When using analog devices, make sure they are calibrated for
accurate brightness and color so you can color correct your
video accurately.

About Color Bars

Color bars are an electronically generated video signal that meet very strict
specifications. Because the luma and chroma levels are standardized, you can use color
bars passing through different components of a video system to see how each device
is affecting the signal.

NTSC and PAL each have specific color bar standards, and even within NTSC and PAL
there are several standards. When you evaluate color bars on a video scope, it is
important to know which color bars standard you are measuring, or you may make
improper adjustments. “SMPTE bars” is a commonly used standard.

Calibrating Video Monitors With Color Bars

Editors and broadcast designers shouldn’t rely on an uncalibrated monitor when
making crucial adjustments to the color and brightness of their programs. Instead, it’s
important to use a calibrated broadcast monitor to ensure that any adjustments made
to exposure and color quality are accurate.

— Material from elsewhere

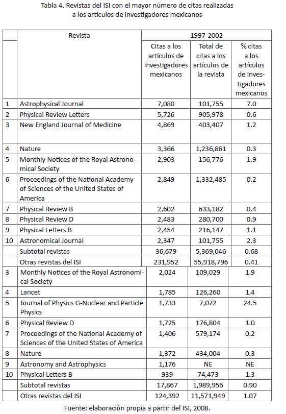 En lo relacionado con la coherencia entre las disciplinas del ISI con el mayor número de artículos mexicanos y el mayor número de citas recibidas en ambos periodos de estudio, se puede apreciar que para 20032008 la correspondencia entre los dos conceptos fue menos dispersa.Lo que sí queda claro es que los investigadores mexicanos que publicaron en las disciplinas del ISI denominadas Physics, Multidisciplinary y Astronomy & Astrophysics fueron los más productivos y los que más citas han contabilizado en dichos periodos. Además, para las revistas del ISI con el mayor número de artículos de investigadores mexicanos publicados en cada etapa de estudio se encontró que la Revista Mexicana de Física encabezó dicho concepto en ambos periodos (véase tabla 3). No obstante, todas estas revistas fueron de carácter teóricoexperimental y ninguna de ellas pertenece al ámbito social o de humanidades.

When Should You Use Color Bars?

Analog devices always need to be calibrated and adjusted, even if only by minute
degrees. This is because heat, age, noise, cable length, and many other factors subtly
affect the voltage of an analog electronic video signal, which affects the brightness
and color of the video image. Color bars provide a reference signal you can use to
calibrate the output levels of an analog device.